▶ _Information_:

* * * *

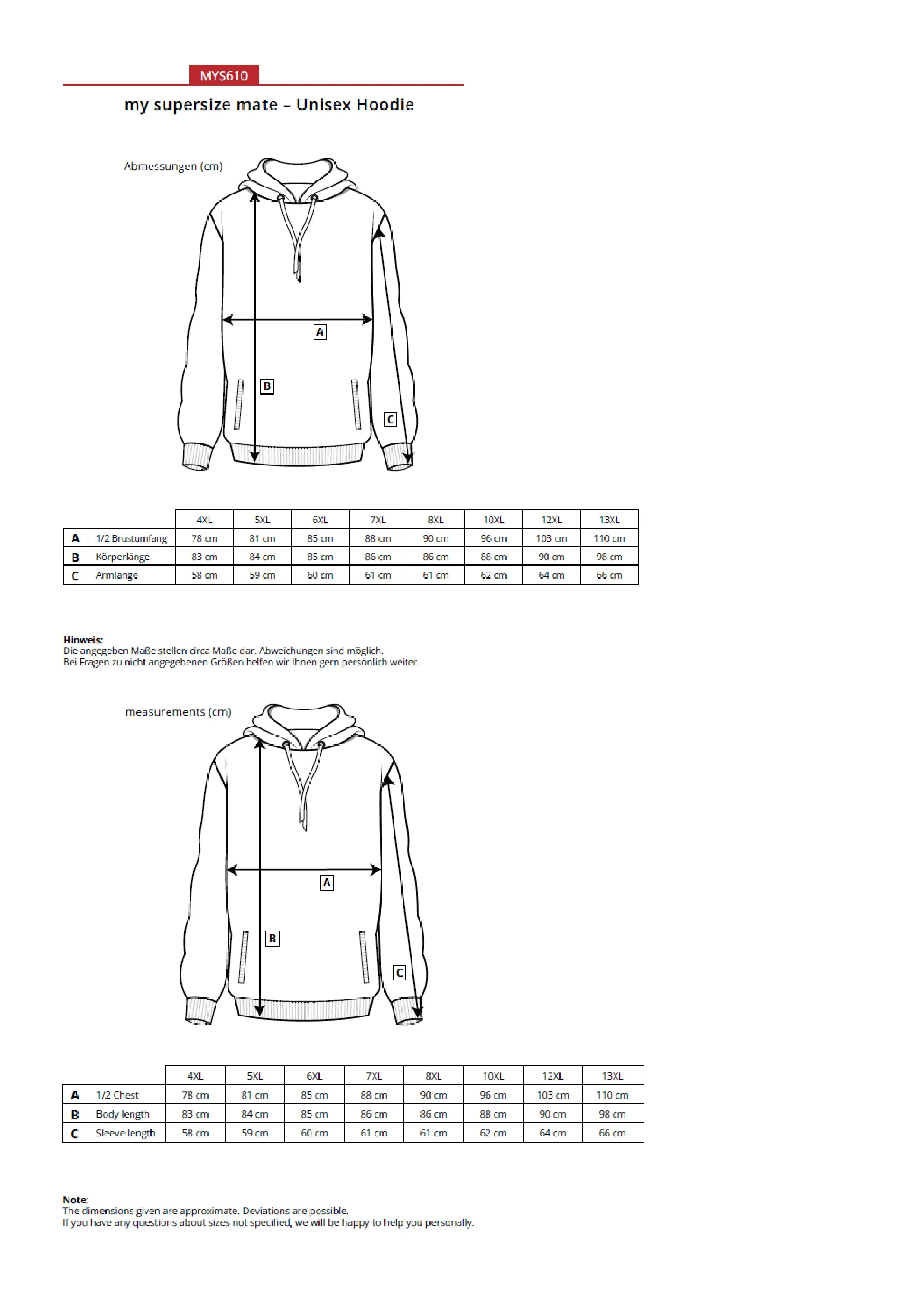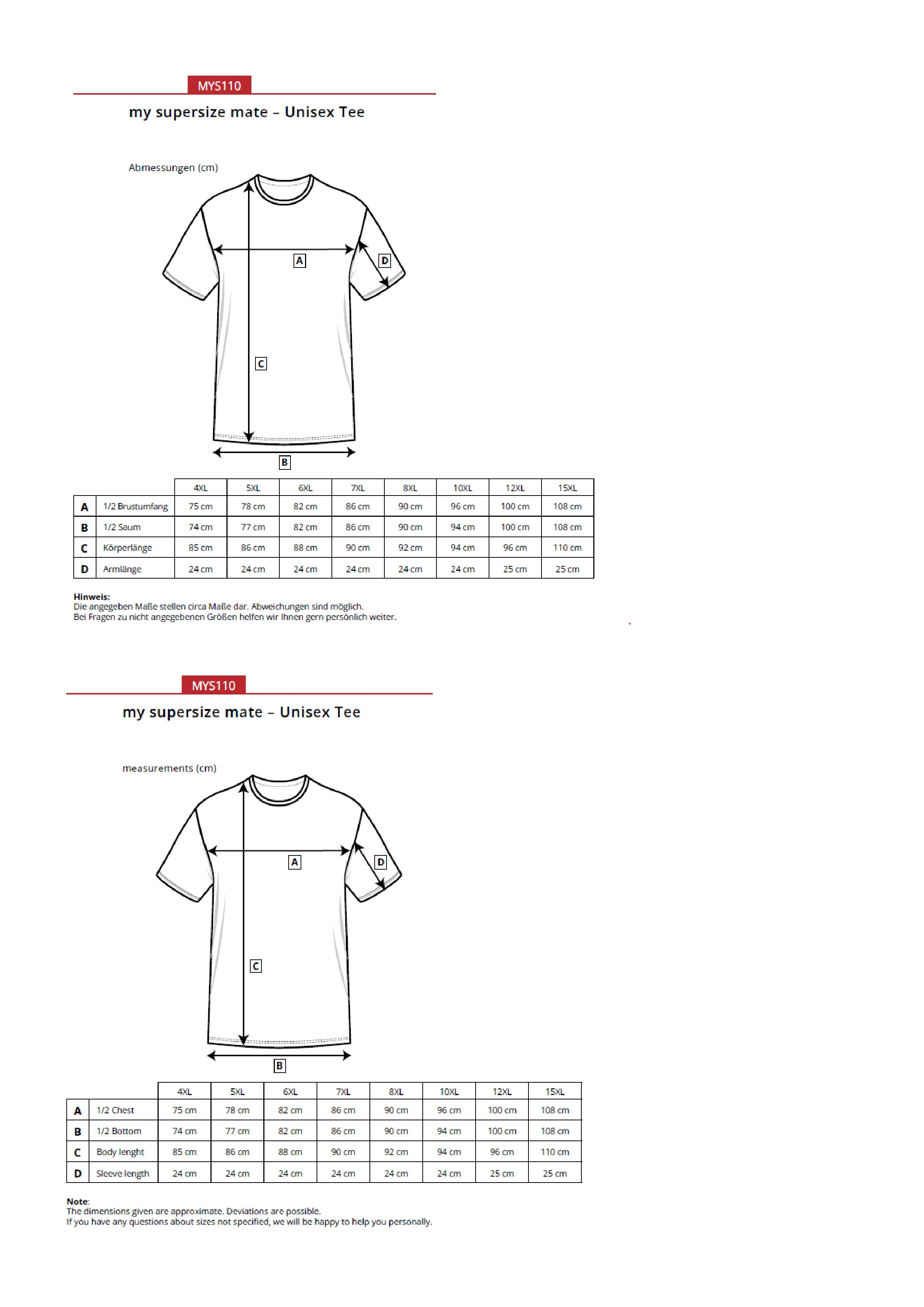 • A – chest: measured roughly 2.5 cm below the armpits over the breadth of the (flattend) torso.
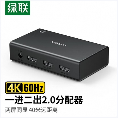 绿联 HDMI分配器1进2出 一进二出4K数字高清视频分屏器 笔记本电脑电视盒子接显示器投影仪一分二 HDMI2.0分配器【4K/60Hz】90804
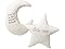 - The star measures approximately 11.25 inches in height by 12 inches in width and is 2.75 inches thick. The moon measures approximately 11.25 inches in height by 10.5 inches in width and is 3.25 inches thick.
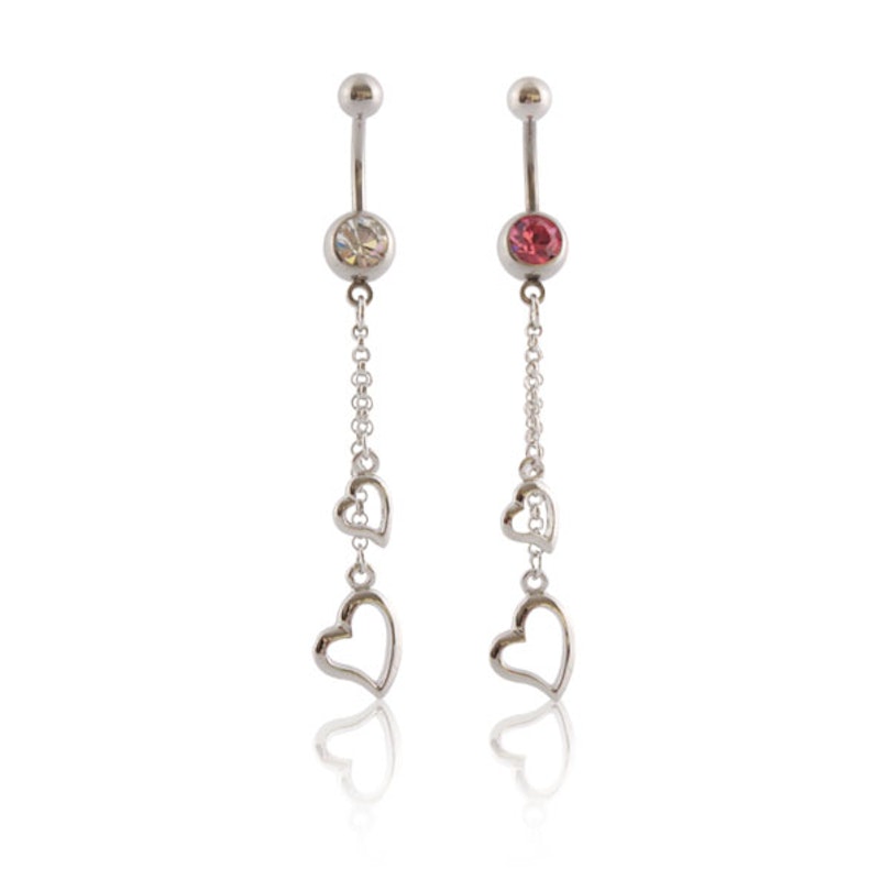 Piercingsmykket har to hjerter i hver sin størrelse hengende fra et lite kjede, som er fastsittende på bunnkulen.
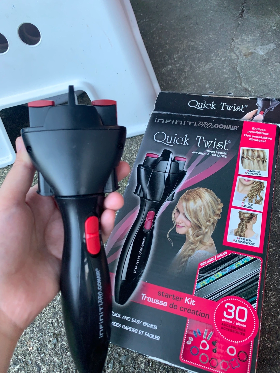 Selling an Infiniti Pro Conair Quick Twist hair braider! It's in great condition and comes with the original box. This handy tool makes braiding hair quick and easy. It also includes a starter kit with 30 pieces of accessories to get you started with creating fun and stylish braids
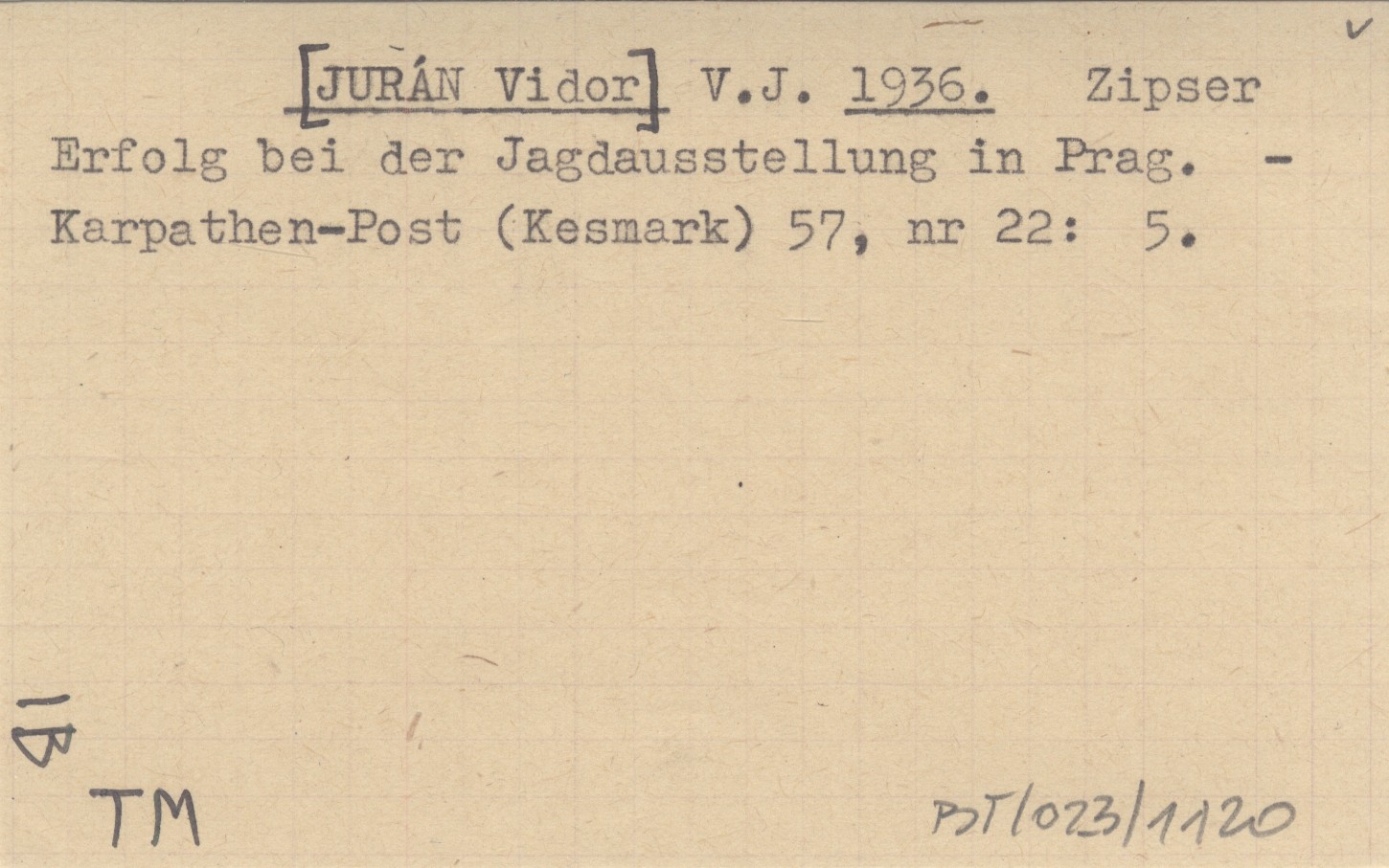 V. J. [JURÁN Vidor] 1936 Zipser Erfol bei der Jagdausstellung in Prag.
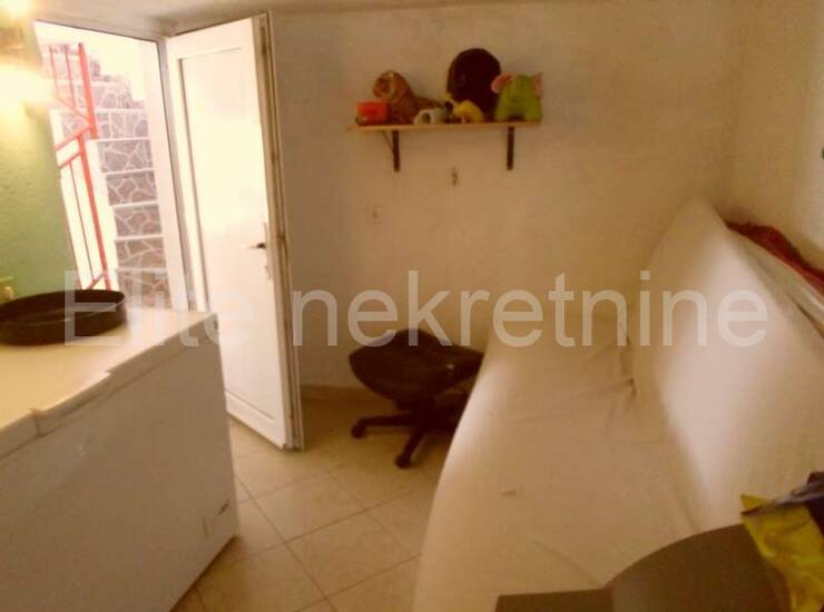 Na prvom katu smjestio se komforni dvosobni stan, nedavno preuređen, veličine 100 m2. Sastoji se od dvije spavaće sobe, prostranog dnevnog boravka, kuhinje s blagavaonom i kupaone.Međukat nudi studio apartman/garsonijeru koja može poslužiti kao nekretnina za turistički najam. Sastoji se od jedne sobe, male kuhinje i kupaonice.
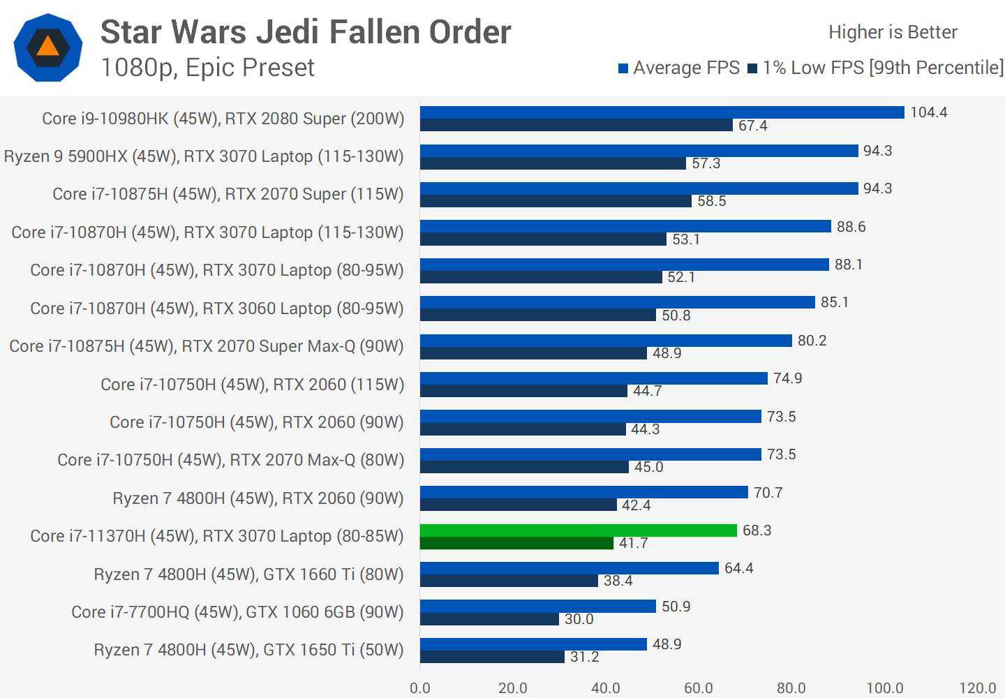 В Star Wars Jedi Fallen Order мы все еще видим большое расхождение в производительности между конфигурациями 10870H и 11370H, но здесь мы говорим только о разнице в 29%, что выглядит намного лучше, чем в предыдущем графике. Это все еще большая разница, но в такой игре с ограниченным процессором, как эта, разница в производительности не так уж далека от того, что мы видели в некоторых тестах производительности, таких как компиляция Blender или Chromium. Когда вы упаковываете такой мощный графический процессор, наличие дополнительного места для процессора имеет большое значение.
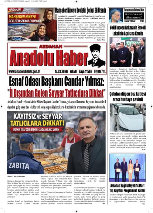 ARDAHAN’I HER GÜN YAZAN ANADOLU E-HABER GAZETESİ 17 MART 2026
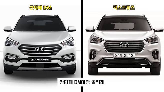 1세대 싼타페 DM이랑 초창기 맥스크루즈 전면부가 좀 많이 닮았었는데, 맥스크루즈가 페이스리프트 되면서 조금 달라졌다고 생각합니다.
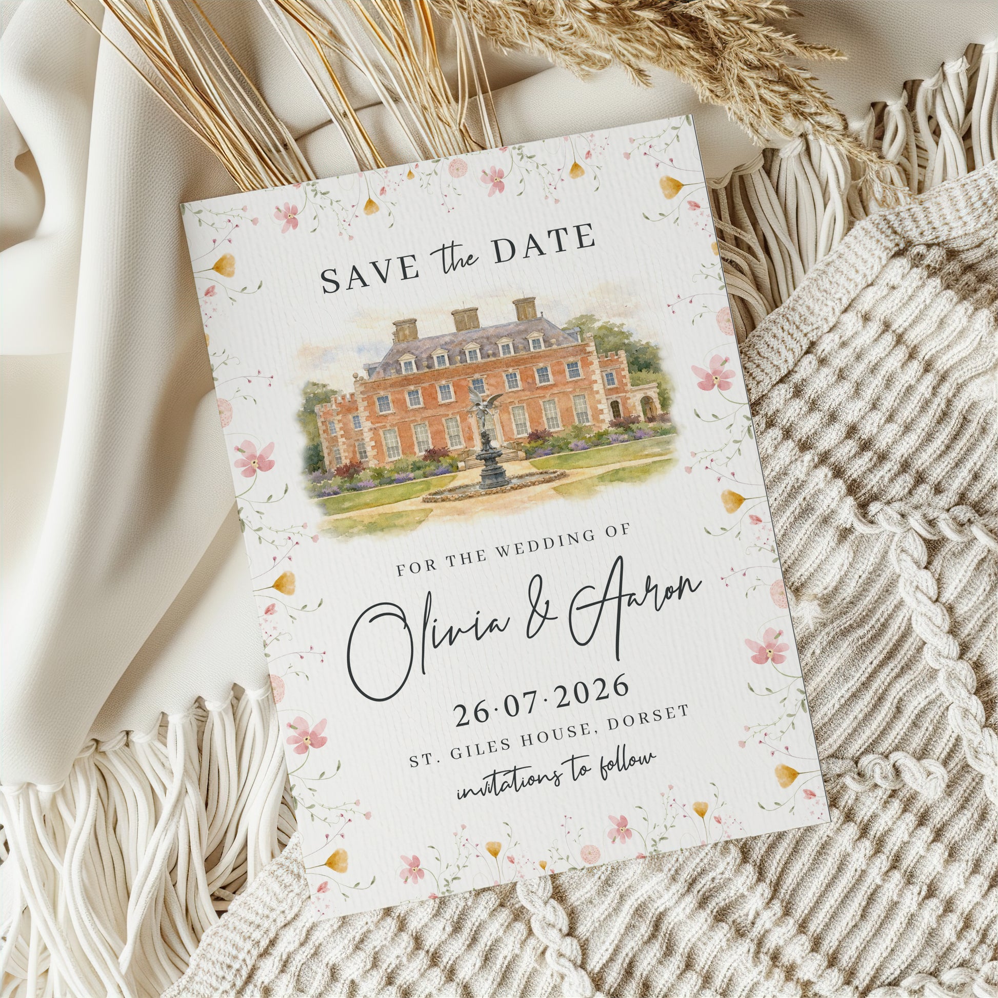 Watercolour venue sketch save the dates - personalised wedding cards featuring your venue in a beautiful illustrated style.
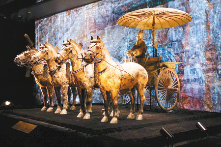 1980年底,在陜西臨潼出土了兩乘“秦陵彩繪銅車馬”。這兩件珍貴的秦代青銅器,如真車馬一半大小,因造型精妙絕倫、工藝高超復(fù)雜,被譽(yù)為“青銅之冠”。這次在中國(guó)館展出的為“一號(hào)銅車馬”。
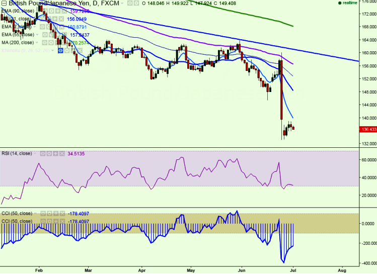 - Any break above 140 will take the pair to immediate resistance at 142.50 (7 day EMA)/ 144.08 (High made after Brexit)/146.66 (Daily Tenkan-Sen).The minor resistance is around 139.
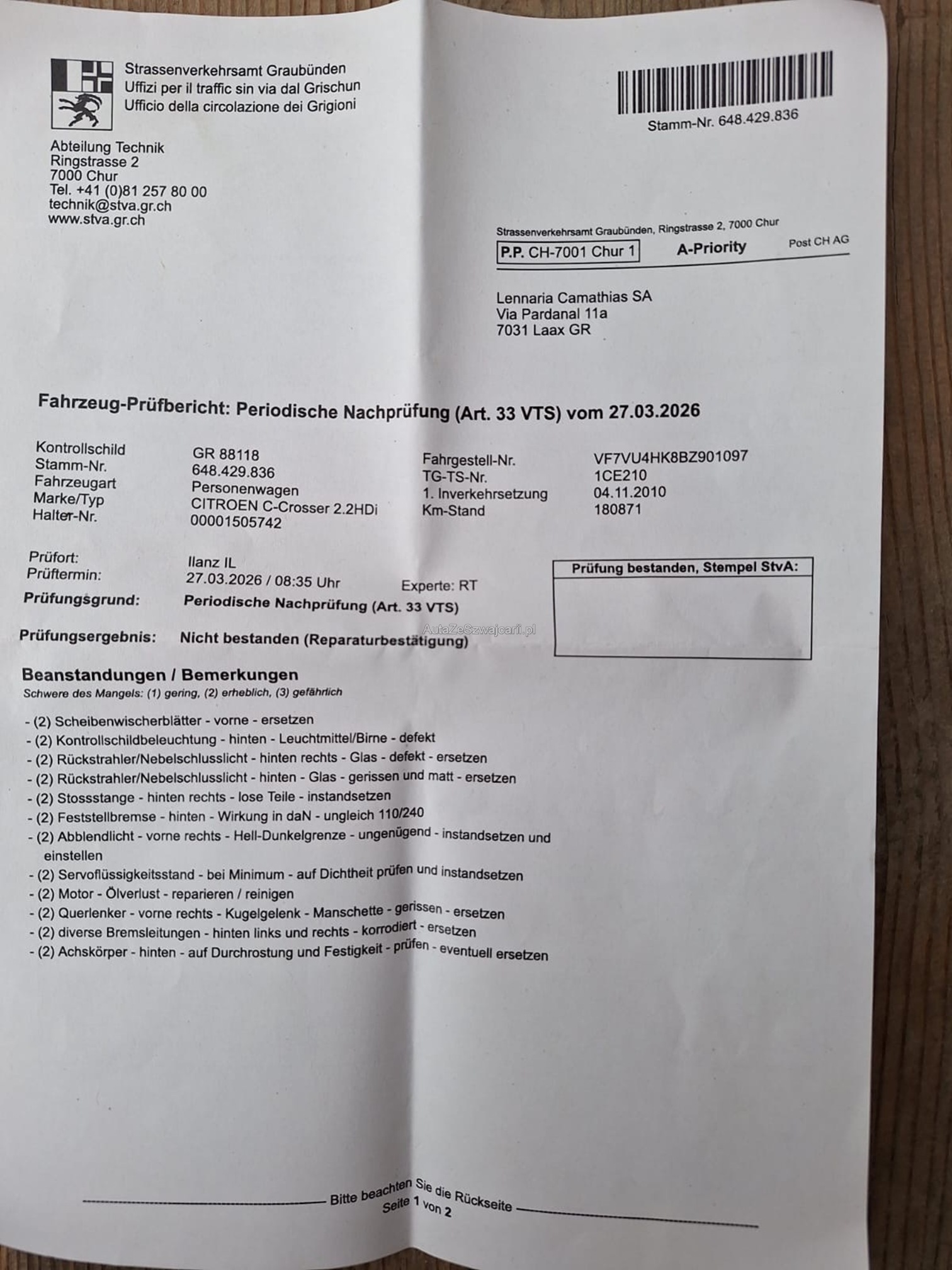 | Kommentar | Technische Mängel gem. Beilage. Fahrzeug wird bis am Dienstag noch tagtäglich gefahren. |

* * * *

▶ _Problem_: Give the lines again word for word, from the start of the records to the line holding "Piercingsmykket har to", both included, and leave out any picture.

▶ _Written reply_:
 • A – chest: measured roughly 2.5 cm below the armpits over the breadth of the (flattend) torso.
 绿联 HDMI分配器1进2出 一进二出4K数字高清视频分屏器 笔记本电脑电视盒子接显示器投影仪一分二 HDMI2.0分配器【4K/60Hz】90804
 - The star measures approximately 11.25 inches in height by 12 inches in width and is 2.75 inches thick. The moon measures approximately 11.25 inches in height by 10.5 inches in width and is 3.25 inches thick.
 Piercingsmykket har to hjerter i hver sin størrelse hengende fra et lite kjede, som er fastsittende på bunnkulen.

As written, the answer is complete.